Après avoir souligné que ces deux contrats ont été bel et bien approuvés par les autorités guinéennes, le PDG d’Ebomaf a indiqué avoir doté, à cet effet, son équipe devant exécuter les travaux des équipements conséquents (ayant coûté 45 à 50 millions d’euros à la société ) qui ont été tous importés au port de Conakry.

Par ailleurs, Mahamadou Bonkoungou a précisé qu’il était convenu que la Banque centrale de la Guinée émette une garantie  de 500 millions d’euros en faveur du groupe Ebomaf, afin qu’il lève les fonds à travers des institutions internationales et exécute les travaux. Et ce n’est que lorsque les travaux seront finis que l’Etat guinéen devient créancier de cette somme.

A en croire le patron d’Ebomaf, « depuis la signature du marché en décembre 2013, jusqu’au lancement des travaux à grande pompe, beaucoup de choses se sont passées, notamment des vas-et-viens à la poursuite de la garantie des 500 millions d’euros. Mais jamais nous n’avons eu cette garantie, finalement, c’est unilatéralement que la Guinée a décidé d’octroyer, a notre grande surprise, une garantie équivalente à 65 millions d’euros, qui ne représente rien. Sachant que les équipements étaient déjà sur le terrain. Mais nous avons entrepris d’utiliser cette garantie afin de trouver une banque qui nous accompagne ».

« Pendant l’exécution des travaux, nous avons été saisis par le ministre de l’Economie et de Finances, à l’époque Mohamed Diaré. Je me suis rendu personnellement à son bureau et il m’a proposé de scinder le marché de Kankan-kissidougou en deux. Ce qu’il a appelé tranche-ferme de 65 millions d’euros et tranche-optionnelle ou conditionnelle de 240 millions d’euros. Il a reçu de ma part un non-recevoir…D’abord pour Kankan-Mandiana, l’Etat guinéen a dit de ne pas démarrer les travaux. Après j’apprends que c’est un membre du groupement non habilité, sans aucun pouvoir juridique qui est en train d’exécuter les travaux. C’est que, me laissant avec le marché original de Kankan-Mandiana, la Guinée a signé un autre contrat avec l’entreprise Guiter… Ce n’est pas juridiquement acceptable », a-t-il déploré.

Avant de faire savoir : « Au finish, ils m’ont dit au téléphone qu’ils ont adhéré au programme du FMI et que le FMI menace de remettre le programme si moi je ne signe pas ce contrat de Kankan-kissidougou scinder en deux. Pour que le FMI ne remette pas en cause la Guinée avec le nom du Groupe Ebomaf, j’ai accepté de signer les deux contrats trans-ferme et trans-optionnel. »
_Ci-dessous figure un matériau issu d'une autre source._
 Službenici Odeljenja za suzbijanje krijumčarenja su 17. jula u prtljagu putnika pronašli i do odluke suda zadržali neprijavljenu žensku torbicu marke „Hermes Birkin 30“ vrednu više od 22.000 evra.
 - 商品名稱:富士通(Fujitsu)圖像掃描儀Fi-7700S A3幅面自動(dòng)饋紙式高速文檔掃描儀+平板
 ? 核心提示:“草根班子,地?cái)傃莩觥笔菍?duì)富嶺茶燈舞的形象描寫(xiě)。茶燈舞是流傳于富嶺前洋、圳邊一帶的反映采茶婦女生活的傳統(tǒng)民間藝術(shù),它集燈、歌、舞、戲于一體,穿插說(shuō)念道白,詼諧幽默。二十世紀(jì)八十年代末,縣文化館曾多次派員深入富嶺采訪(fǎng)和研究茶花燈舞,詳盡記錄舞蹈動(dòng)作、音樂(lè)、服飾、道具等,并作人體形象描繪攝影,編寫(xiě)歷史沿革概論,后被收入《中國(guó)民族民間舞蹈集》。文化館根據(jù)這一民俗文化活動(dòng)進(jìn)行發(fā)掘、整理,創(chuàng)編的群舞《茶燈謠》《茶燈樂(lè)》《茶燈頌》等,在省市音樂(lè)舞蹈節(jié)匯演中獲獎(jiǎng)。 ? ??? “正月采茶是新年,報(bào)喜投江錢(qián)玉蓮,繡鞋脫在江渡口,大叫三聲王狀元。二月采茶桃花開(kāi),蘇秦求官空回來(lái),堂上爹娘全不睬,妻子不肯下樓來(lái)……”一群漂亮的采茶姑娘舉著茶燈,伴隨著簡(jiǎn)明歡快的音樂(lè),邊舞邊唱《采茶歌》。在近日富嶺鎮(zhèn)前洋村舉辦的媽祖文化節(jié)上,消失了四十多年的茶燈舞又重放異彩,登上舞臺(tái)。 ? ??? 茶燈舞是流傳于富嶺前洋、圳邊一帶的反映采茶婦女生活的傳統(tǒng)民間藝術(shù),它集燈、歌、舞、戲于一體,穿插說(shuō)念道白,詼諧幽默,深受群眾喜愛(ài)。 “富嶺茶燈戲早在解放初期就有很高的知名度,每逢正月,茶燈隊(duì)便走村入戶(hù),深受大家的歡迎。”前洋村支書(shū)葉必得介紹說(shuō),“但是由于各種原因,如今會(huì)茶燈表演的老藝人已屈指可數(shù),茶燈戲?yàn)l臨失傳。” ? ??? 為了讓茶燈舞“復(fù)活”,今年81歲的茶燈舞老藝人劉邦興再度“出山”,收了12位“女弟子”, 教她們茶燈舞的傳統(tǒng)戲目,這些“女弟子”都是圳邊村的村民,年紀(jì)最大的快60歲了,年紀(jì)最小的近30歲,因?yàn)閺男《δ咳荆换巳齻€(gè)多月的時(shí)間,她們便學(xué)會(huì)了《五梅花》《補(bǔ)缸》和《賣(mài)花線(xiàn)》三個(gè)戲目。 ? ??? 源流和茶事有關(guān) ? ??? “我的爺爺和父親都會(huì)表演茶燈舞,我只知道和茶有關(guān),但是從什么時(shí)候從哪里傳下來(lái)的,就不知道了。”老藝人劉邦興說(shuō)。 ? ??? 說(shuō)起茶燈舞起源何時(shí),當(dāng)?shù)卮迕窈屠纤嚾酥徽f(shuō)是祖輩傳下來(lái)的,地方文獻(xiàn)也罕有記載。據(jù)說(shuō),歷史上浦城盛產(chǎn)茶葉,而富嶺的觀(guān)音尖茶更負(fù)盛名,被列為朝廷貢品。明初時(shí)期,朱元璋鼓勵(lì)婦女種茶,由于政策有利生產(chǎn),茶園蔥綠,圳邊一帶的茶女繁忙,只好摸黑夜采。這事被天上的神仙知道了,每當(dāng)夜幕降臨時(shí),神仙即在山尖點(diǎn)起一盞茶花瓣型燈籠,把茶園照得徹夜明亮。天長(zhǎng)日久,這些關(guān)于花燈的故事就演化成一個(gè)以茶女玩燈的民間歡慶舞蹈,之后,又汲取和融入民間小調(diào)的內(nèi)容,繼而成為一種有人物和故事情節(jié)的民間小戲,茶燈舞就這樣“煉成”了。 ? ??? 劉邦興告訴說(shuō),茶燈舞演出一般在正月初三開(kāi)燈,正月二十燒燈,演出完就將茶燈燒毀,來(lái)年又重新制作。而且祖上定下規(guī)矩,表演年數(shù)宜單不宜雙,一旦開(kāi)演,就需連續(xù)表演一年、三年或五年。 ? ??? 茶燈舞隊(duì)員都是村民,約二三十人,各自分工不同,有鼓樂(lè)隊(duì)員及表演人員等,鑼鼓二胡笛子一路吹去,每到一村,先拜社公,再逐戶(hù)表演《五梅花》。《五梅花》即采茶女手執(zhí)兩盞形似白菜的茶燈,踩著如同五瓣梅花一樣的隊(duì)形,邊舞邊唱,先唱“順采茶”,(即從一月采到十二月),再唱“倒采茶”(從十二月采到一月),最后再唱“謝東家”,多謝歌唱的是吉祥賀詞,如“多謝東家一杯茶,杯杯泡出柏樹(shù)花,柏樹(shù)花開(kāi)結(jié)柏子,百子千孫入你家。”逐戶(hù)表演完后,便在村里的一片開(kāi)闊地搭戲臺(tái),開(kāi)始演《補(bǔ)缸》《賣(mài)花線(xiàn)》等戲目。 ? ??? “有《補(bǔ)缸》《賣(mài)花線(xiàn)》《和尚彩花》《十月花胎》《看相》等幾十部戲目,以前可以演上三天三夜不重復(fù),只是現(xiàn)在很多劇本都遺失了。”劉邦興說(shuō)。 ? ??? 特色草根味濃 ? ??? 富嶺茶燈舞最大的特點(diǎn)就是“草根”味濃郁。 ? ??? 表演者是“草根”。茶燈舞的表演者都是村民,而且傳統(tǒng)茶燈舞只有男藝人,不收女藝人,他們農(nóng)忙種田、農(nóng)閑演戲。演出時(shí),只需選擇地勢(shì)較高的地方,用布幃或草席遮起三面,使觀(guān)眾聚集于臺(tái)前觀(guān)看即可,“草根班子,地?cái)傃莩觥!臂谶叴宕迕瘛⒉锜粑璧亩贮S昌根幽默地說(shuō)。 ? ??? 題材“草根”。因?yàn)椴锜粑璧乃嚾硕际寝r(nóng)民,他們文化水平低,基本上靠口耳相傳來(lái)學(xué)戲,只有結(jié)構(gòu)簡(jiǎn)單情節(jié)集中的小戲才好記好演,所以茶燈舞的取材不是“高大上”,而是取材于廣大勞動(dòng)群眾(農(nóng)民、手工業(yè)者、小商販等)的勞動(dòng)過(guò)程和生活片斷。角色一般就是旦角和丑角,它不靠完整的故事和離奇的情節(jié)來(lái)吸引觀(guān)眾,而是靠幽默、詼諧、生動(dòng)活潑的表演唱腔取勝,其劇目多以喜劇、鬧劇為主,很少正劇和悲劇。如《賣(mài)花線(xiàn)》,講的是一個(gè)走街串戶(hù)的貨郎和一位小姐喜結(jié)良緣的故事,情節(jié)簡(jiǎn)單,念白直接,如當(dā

Parlant de l’exécution à 90% de ce contrat de tranche-ferme dont son entreprise avait la charge d’exécuter, il précise : « Les 65 millions équivalent à 12 km et nous, nous en avons fait 20 km d’ouvrage et de terrassement. Pourquoi la couche de roulement n’a été exécutée que sur ces 12 km, parce qu’au moment où nous avons passé une dizaine de mois à concasser les graviers et le sable… On a importé à travers le port de Conakry, 50 conteneurs de bitume de l’Europe jusqu’à Conakry et on les a transportés jusqu’à sur le chantier ; notre fameux Guiter a fait une autre démarche pour faire ce goudron. Et les autorités m’ont dit que je pouvais le laisser faire. Alors j’ai signé un chèque de 15 milliards de francs guinéens en faveur de Guiter et on lui a remis les 50 conteneurs, on lui a remis toutes les tonnes de gravier concassé par Ebomaf. Et c’est en ce temps qu’il nous ont autorisés à enlever nos matériels. »

Pour terminer, M. Mahamadou Bonkoungou a souligné que depuis la signature du marché en 2013, le président Alpha Condé ne lui avait jamais donné l’occasion de reparler de ce projet.